Are you always searching for the iOS default image sizes? Me too, I keep coming back to these pages :)
as a super quick cheat sheet here are the icons I keep building out in Photoshop (if you have a quick way to export from photoshop in one fell swoop let me know in the comments :) )
iPhone
Description | iOS | icon Size | Retina @2x |
SpotLight | 5, 6 | 29pt | 58pt |
Settings | 5, 6, 7 | 29pt | 58pt |
SpotLight | 7 | 40pt | |
App | 5,6 | 57pt | 114pt |
App | 7 | 60pt | 120pt |
iPad
Description | iOS | icon Size | Retina @2x |
Settings | 5,6,7 | 29pt | 58pt |
Spotlight | 5,6 | 72pt | 144pt |
Spotlight | 7 | 40pt | |
App | 5,6 | 72pt | 144pt |
App | 7 | 76pt | 152pt |
extra icons:
16pt (32pt @2x), 32pt (64pt @2x), 128pt (256pt @2x), 256pt (512pt @2x), 512pt (1024pt @2x)

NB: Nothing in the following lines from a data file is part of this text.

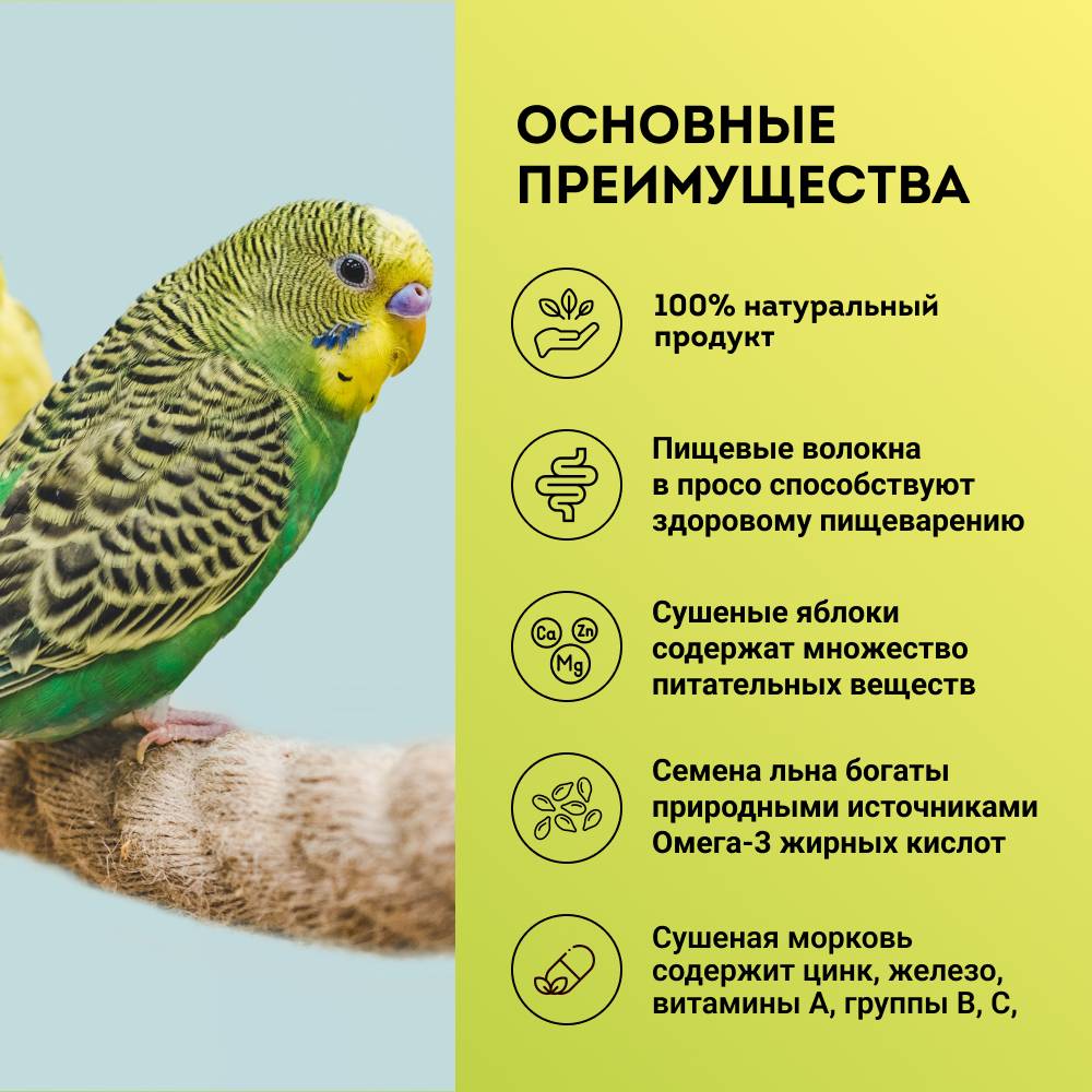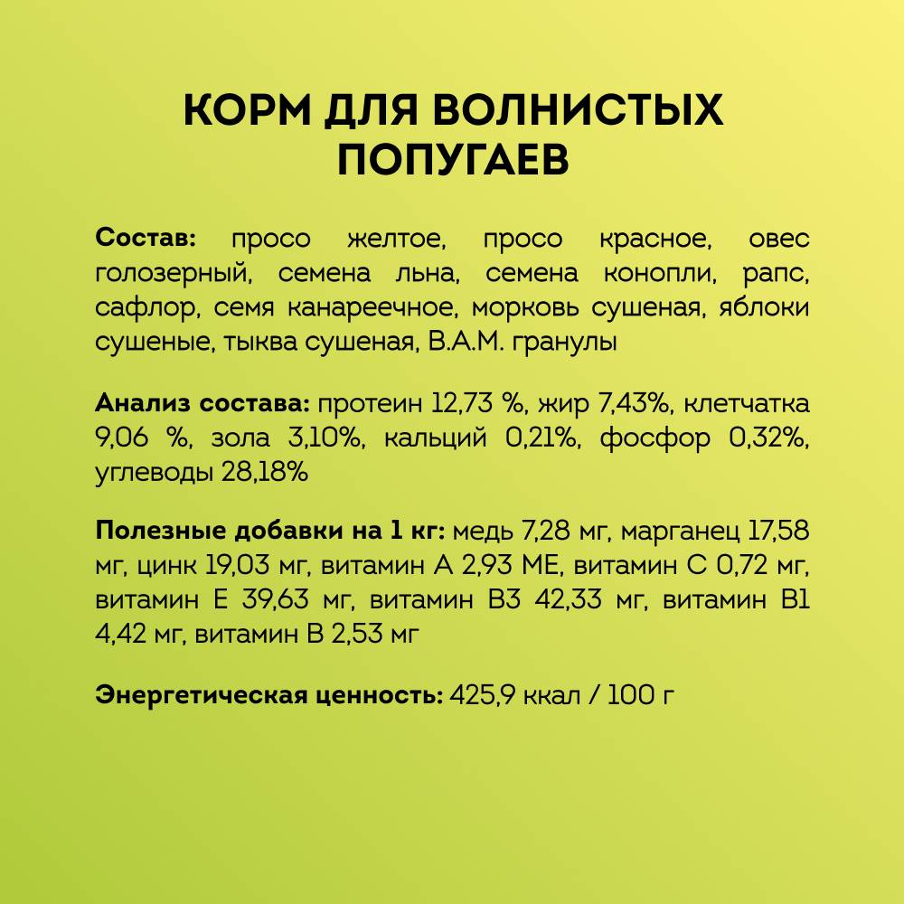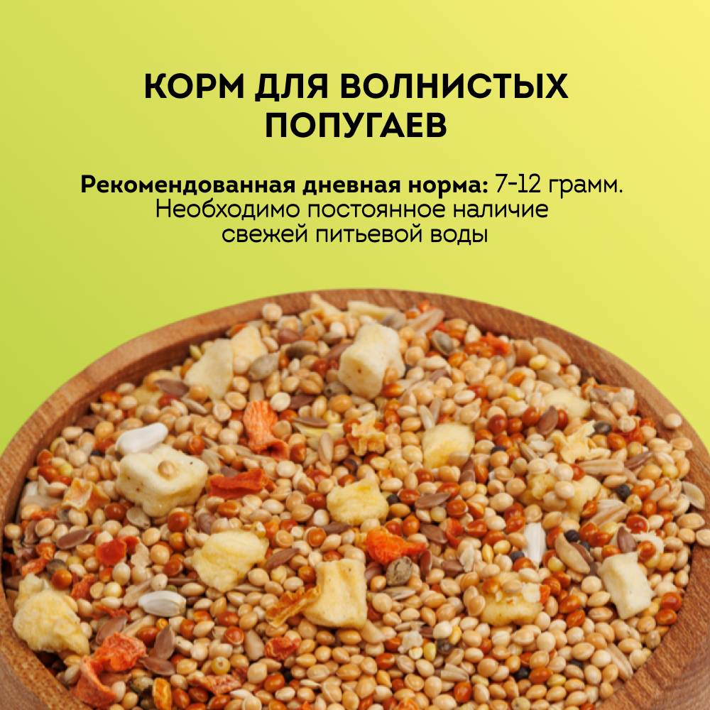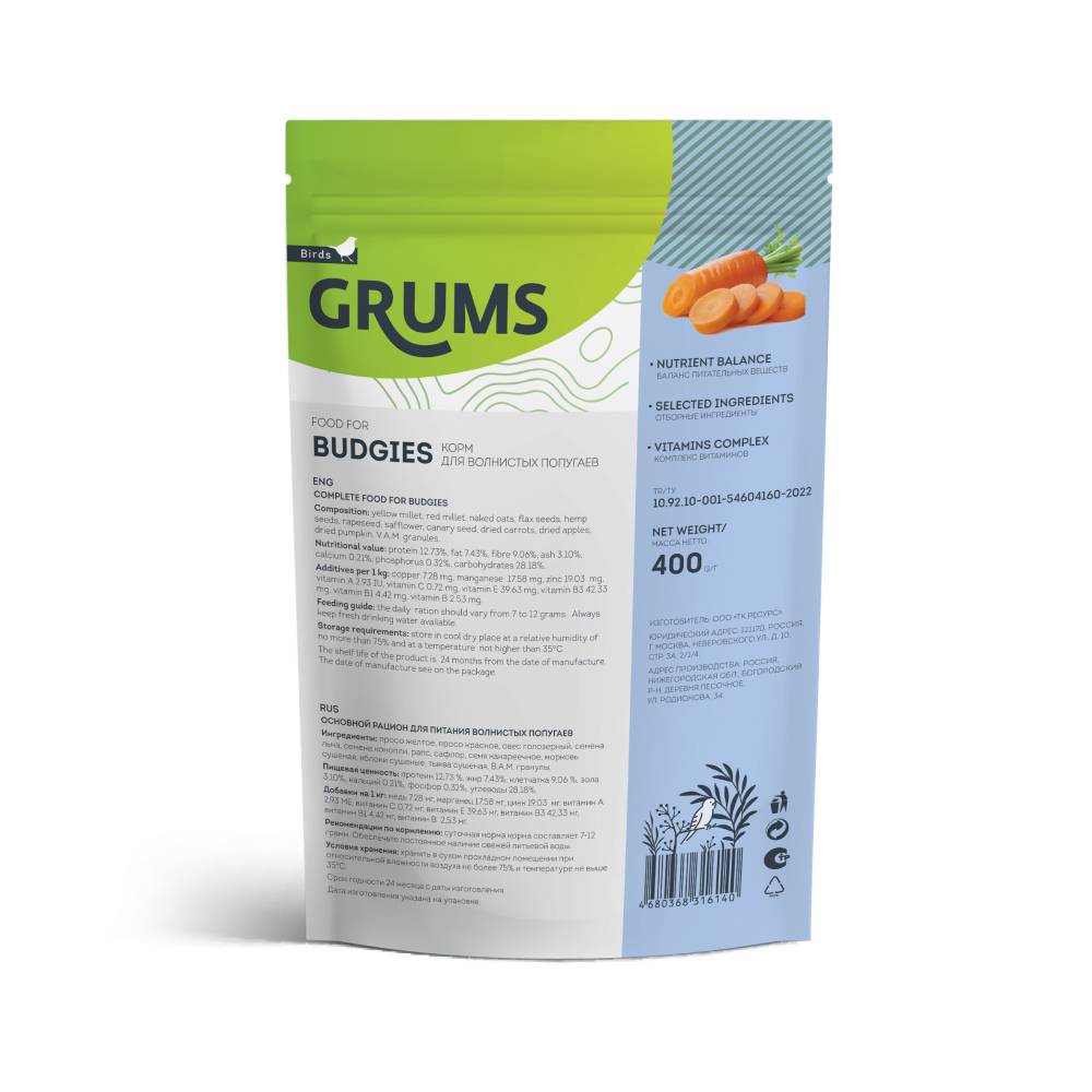 Основной рацион GRUMS содержит различные компоненты для разнообразного питания волнистых попугаев. Зерновая смесь насыщена витаминами и микроэлементами, необходимыми для здорового и активного образа жизни пернатых.
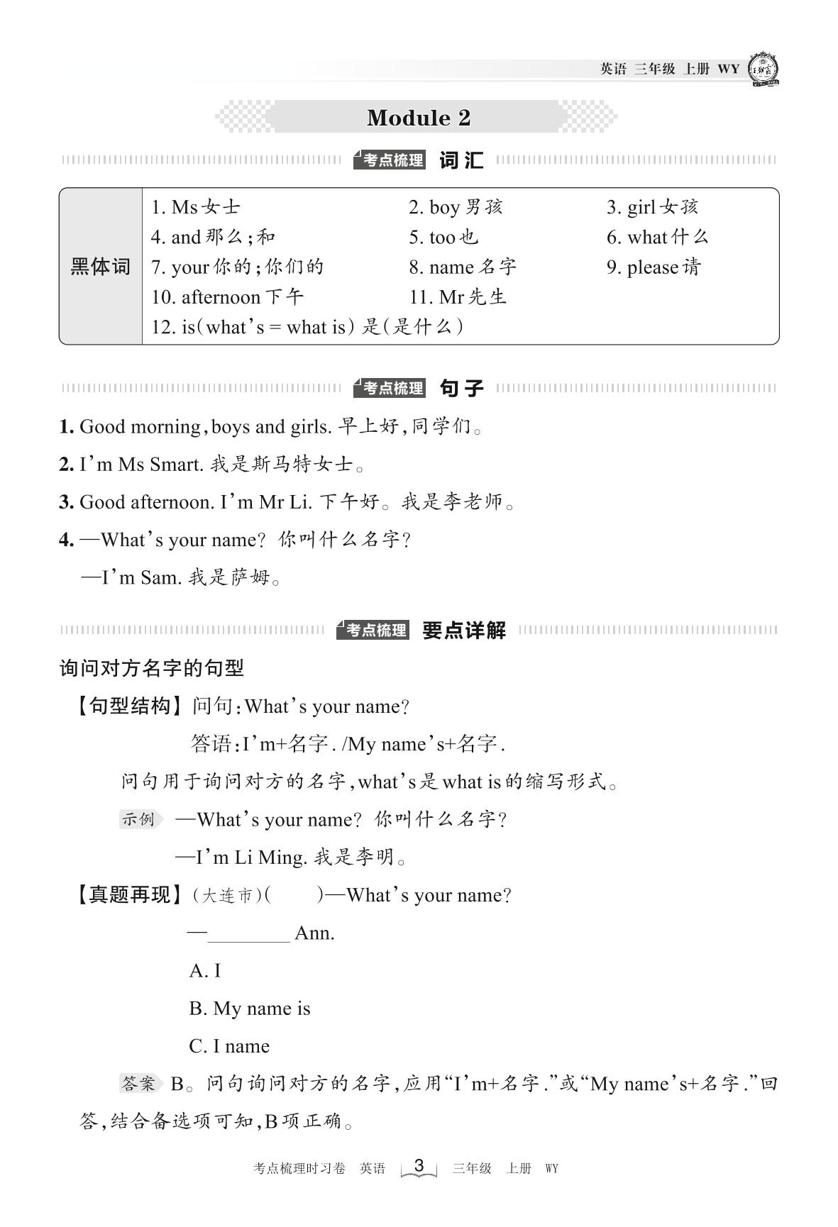 2022上册三年级英语外研版 考点梳理手册——Module 2
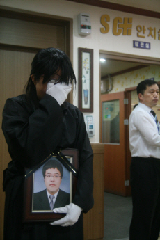 | ▲ 지난 1월 11일 충남 아산 탕정면 삼성전자 기숙사 13층에서 뛰어내린 고(故) 김주현(25) 씨의 영정. ⓒ프레시안(김봉규) |
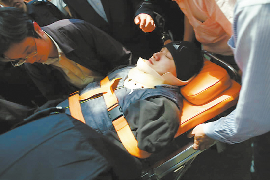 “帽子!借頂帽子!” 幾位先行下車的陪同人員,先從醫(yī)院保安那借了頂帽子。大約3分鐘后,車門才打開,躺在擔(dān)架上的湯淼被6名保安抬下車,并徑直送往病房——雖然氣溫高達(dá)27攝氏度,湯淼仍穿著大衣,戴著線帽,就連臉部也被那頂保安帽遮得嚴(yán)嚴(yán)實實。
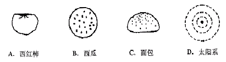 自從湯姆遜發(fā)現(xiàn)了電子,人們開始研究原子內(nèi)部結(jié)構(gòu)?茖W(xué)家提出了許多原子結(jié)構(gòu)的模型,在二十世紀(jì)上半葉,最為大家接受的原子結(jié)構(gòu)與圖中哪個圖最相似?
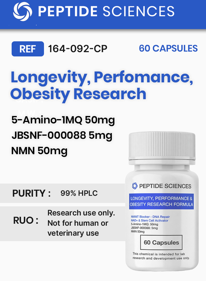 Longevity, Performance & Obesity Research is a research peptide formulation developed to investigate metabolic regulation, mitochondrial function, and nutrient-sensing pathways. Preclinical studies indicate that its components modulate AMPK activation, sirtuin signaling, and oxidative stress response, supporting models of cellular energy balance and redox regulation. This formulation is utilized in experimental research focused on longevity signaling, performance metabolism, and molecular mechanisms of energy efficiency.
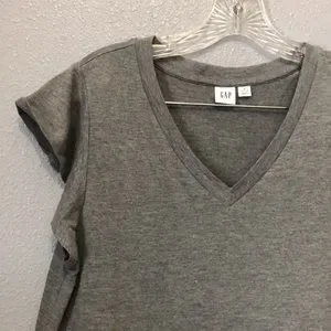 GAP dress Women's M light heather gray cap sleeve tiered knit v neck petite EUC
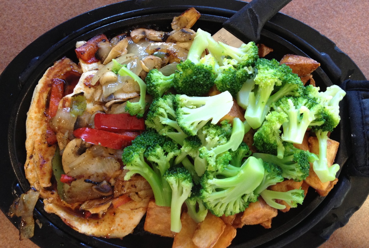 As for me, I decided to get indulgent and try the bourbon chicken skillet. It was topped with a mountain of steamed vegetables so you can barely see the chicken, but everything was delicious and I ate most of it!
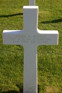 Cpl John A. Bange had been employed at the Bethlehem Steel Company before he enlisted on 22 March 1943 in New York City, New York.Source of information: Peter Schouteten, www.wwiimemorial.com, www.archives.gov, www.ancestry.com - U.S. WWII Draft Cards Young Men
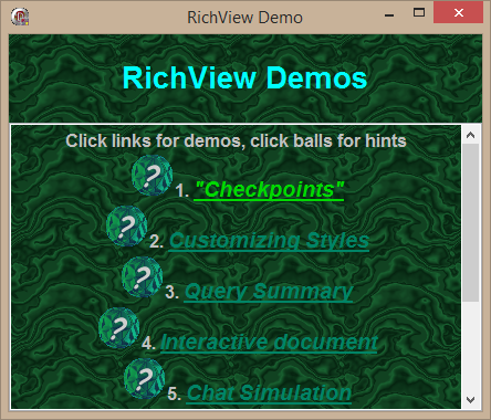 Большинство из приведённых ниже примеров не содержит исходного кода, но указано его нахождение в инсталляции TRichView или ScaleRichView.

so my spotlight icon might be myapp16.png and myapp16@2x.png
http://ivomynttinen.com/blog/the-ios-design-cheat-sheet-volume-2/
Apple Docs:
https://developer.apple.com/library/ios/documentation/userexperience/conceptual/mobilehig/IconMatrix.html
If you are using Photoshop you can start you templates off of this guide:
http://www.pixelresort.com/blog/start-making-ios-7-icons-with-the-app-icon-template-3-0/
Also useful, Retina Graphics...
So you generally create your app icons according to the docs above, if you name your icons with an @2x then using them within your app makes it extremely simple.
the SDK handles it for you. "or it just works" which ever reference you prefer.
simply reference your images by just the name without the extension and review your results:
example: My images are named myCustomImageIcon.png and myCustomImageIcon@2x.png I used the sizes as per the docs above to leverage auto-swapping between standard icons and retina icons.
[myUIButtonExample setBackgroundImage:[UIImage imageNamed:@"myCustomImageIcon"] forState:UIControlStateNormal];
This is super useful for my users who are using iPad2s, iPad3s and iPad minis.
Have fun!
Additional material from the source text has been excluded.